2. Run bse_cache.py to produce cache files.
Prerequisites:
- bert-as-service installed.
- BERT-Base, Multilingual Cased model saved in the 'bert_dir' directory.
- The English MNLI training examples file in the 'data_dir' directory, as "multinli.train.en.tsv".
python bse_cache.py \
--data_dir=xnli_data \
--language=English \
--data_type=mnli \
--output_dir=bse_cache_files \
--bert_dir=../pretrained_models/multi_cased_L-12_H-768_A-12
The English MNLI training examples cache file used in our study can be downloaded here: bse_en.npy
Prerequisites:
- bert-as-service installed.
- BERT-Base, Multilingual Cased model saved in the 'bert_dir' directory.
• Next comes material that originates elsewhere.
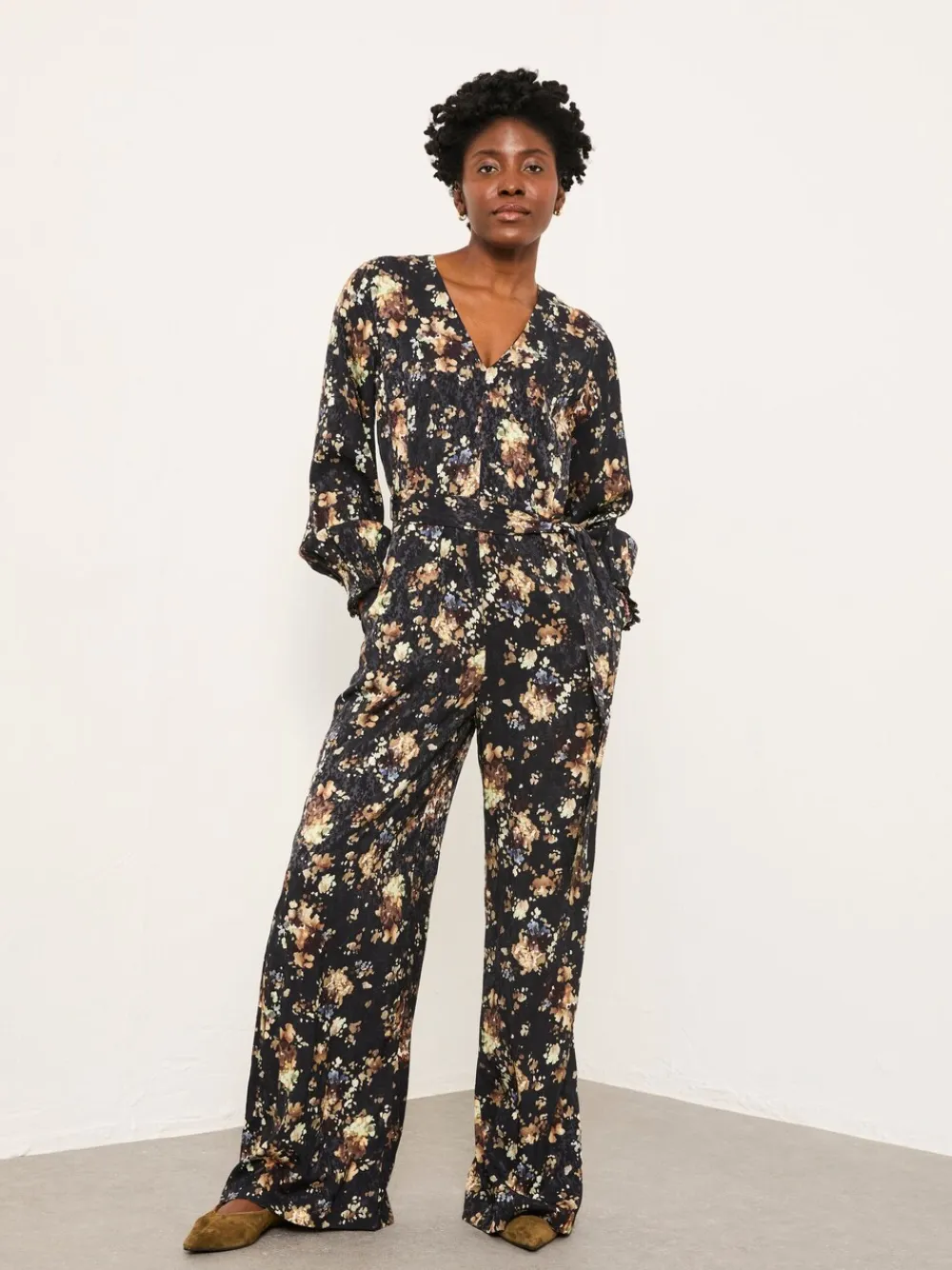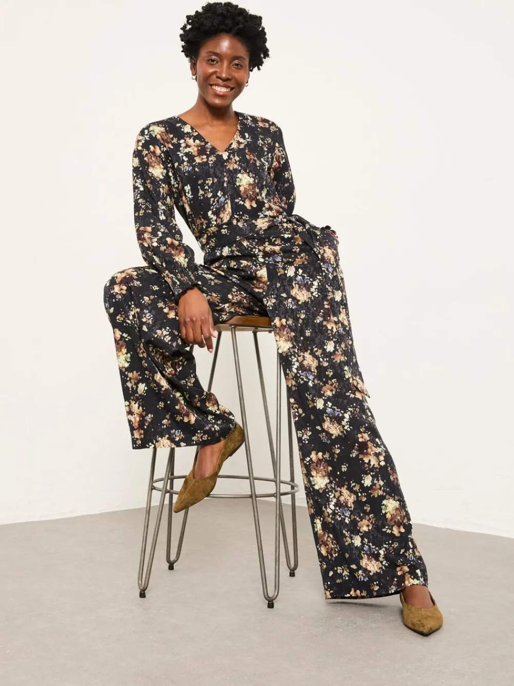 Our Fionn jumpsuit features a flattering V-neckline, tie waist detailing, and long sleeves for a polished yet easy fit. With wide, flowy legs that move beautifully, it’s perfect for dressing up with heels or keeping casual with trainers. A versatile piece made for everything from weekday plans to weekend evenings. Petite inside leg length 23″ / 58cm. Machine washable. Shell 50% LENZING™ ECOVERO™ Viscose, 50% Viscose. Embroidery 100% LENZING™ ECOVERO™ Viscose.

- The XNLI dev examples file in the 'data_dir' directory, as "xnli.dev.tsv".
python bse_cache.py \
--data_dir=xnli_data \
--data_type=dev \
--output_dir=bse_cache_files \
--bert_dir=../pretrained_models/multi_cased_L-12_H-768_A-12
The XNLI dev examples cache file used in our study can be downloaded here: DEV.npy
Prerequisites:
- bert-as-service installed.
- BERT-Base, Multilingual Cased model saved in the 'bert_dir' directory.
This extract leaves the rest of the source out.